* _Goal of the exercise_
From the entries below, reproduce exactly the line containing "Yamashita Trio |", the line containing "Located in a", and every line in between, with nothing added.

(Dataset excerpts)
----

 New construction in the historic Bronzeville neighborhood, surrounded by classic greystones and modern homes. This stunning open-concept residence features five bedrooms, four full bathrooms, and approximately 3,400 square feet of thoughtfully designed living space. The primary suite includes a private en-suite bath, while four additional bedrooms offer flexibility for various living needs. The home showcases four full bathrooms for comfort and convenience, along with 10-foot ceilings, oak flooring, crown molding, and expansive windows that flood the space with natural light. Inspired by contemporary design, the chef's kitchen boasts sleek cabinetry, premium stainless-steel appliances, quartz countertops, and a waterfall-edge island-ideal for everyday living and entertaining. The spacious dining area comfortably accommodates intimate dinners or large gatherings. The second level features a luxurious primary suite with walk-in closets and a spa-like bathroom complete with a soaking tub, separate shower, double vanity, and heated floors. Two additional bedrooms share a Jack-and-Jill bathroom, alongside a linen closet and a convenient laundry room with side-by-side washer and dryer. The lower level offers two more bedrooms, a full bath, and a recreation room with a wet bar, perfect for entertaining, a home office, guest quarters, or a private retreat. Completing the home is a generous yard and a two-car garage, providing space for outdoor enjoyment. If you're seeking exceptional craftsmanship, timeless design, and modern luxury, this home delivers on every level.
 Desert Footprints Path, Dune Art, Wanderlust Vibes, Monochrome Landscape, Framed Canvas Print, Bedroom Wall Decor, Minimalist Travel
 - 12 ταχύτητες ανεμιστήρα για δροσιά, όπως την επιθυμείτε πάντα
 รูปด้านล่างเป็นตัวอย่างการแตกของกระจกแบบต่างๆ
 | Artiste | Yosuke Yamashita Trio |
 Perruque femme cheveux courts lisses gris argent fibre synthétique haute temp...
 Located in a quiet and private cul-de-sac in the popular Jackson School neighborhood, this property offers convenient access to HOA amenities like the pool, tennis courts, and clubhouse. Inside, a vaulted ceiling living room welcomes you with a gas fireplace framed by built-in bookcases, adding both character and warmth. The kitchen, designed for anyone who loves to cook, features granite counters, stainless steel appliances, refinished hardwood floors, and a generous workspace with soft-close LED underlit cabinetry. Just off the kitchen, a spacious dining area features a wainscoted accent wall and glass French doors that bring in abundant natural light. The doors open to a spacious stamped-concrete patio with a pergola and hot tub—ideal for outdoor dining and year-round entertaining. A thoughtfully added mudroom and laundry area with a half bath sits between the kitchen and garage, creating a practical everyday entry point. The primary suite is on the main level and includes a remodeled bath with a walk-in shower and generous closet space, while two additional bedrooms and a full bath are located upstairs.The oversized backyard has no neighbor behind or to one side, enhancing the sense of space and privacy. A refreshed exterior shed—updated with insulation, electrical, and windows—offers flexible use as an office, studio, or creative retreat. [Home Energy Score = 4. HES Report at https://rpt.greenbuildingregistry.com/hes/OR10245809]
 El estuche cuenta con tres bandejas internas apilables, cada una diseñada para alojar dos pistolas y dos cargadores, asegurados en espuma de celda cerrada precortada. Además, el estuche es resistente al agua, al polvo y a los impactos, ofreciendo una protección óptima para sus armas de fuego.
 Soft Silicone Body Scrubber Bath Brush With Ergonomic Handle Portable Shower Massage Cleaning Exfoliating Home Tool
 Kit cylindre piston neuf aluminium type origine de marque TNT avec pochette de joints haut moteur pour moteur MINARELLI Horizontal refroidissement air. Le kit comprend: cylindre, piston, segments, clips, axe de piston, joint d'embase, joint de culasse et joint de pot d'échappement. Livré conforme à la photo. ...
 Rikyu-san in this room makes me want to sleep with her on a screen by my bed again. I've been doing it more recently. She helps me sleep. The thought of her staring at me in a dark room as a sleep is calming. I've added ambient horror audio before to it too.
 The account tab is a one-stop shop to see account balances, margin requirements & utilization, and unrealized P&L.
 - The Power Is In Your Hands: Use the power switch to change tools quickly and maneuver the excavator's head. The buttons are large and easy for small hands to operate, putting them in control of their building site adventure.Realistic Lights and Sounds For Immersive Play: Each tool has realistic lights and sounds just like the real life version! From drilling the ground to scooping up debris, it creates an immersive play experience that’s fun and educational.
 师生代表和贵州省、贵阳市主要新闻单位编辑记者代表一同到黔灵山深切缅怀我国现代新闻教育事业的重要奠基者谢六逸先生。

----

* _Response for this exercise_
 | Artiste | Yosuke Yamashita Trio |
 Perruque femme cheveux courts lisses gris argent fibre synthétique haute temp...
 Located in a quiet and private cul-de-sac in the popular Jackson School neighborhood, this property offers convenient access to HOA amenities like the pool, tennis courts, and clubhouse. Inside, a vaulted ceiling living room welcomes you with a gas fireplace framed by built-in bookcases, adding both character and warmth. The kitchen, designed for anyone who loves to cook, features granite counters, stainless steel appliances, refinished hardwood floors, and a generous workspace with soft-close LED underlit cabinetry. Just off the kitchen, a spacious dining area features a wainscoted accent wall and glass French doors that bring in abundant natural light. The doors open to a spacious stamped-concrete patio with a pergola and hot tub—ideal for outdoor dining and year-round entertaining. A thoughtfully added mudroom and laundry area with a half bath sits between the kitchen and garage, creating a practical everyday entry point. The primary suite is on the main level and includes a remodeled bath with a walk-in shower and generous closet space, while two additional bedrooms and a full bath are located upstairs.The oversized backyard has no neighbor behind or to one side, enhancing the sense of space and privacy. A refreshed exterior shed—updated with insulation, electrical, and windows—offers flexible use as an office, studio, or creative retreat. [Home Energy Score = 4. HES Report at https://rpt.greenbuildingregistry.com/hes/OR10245809]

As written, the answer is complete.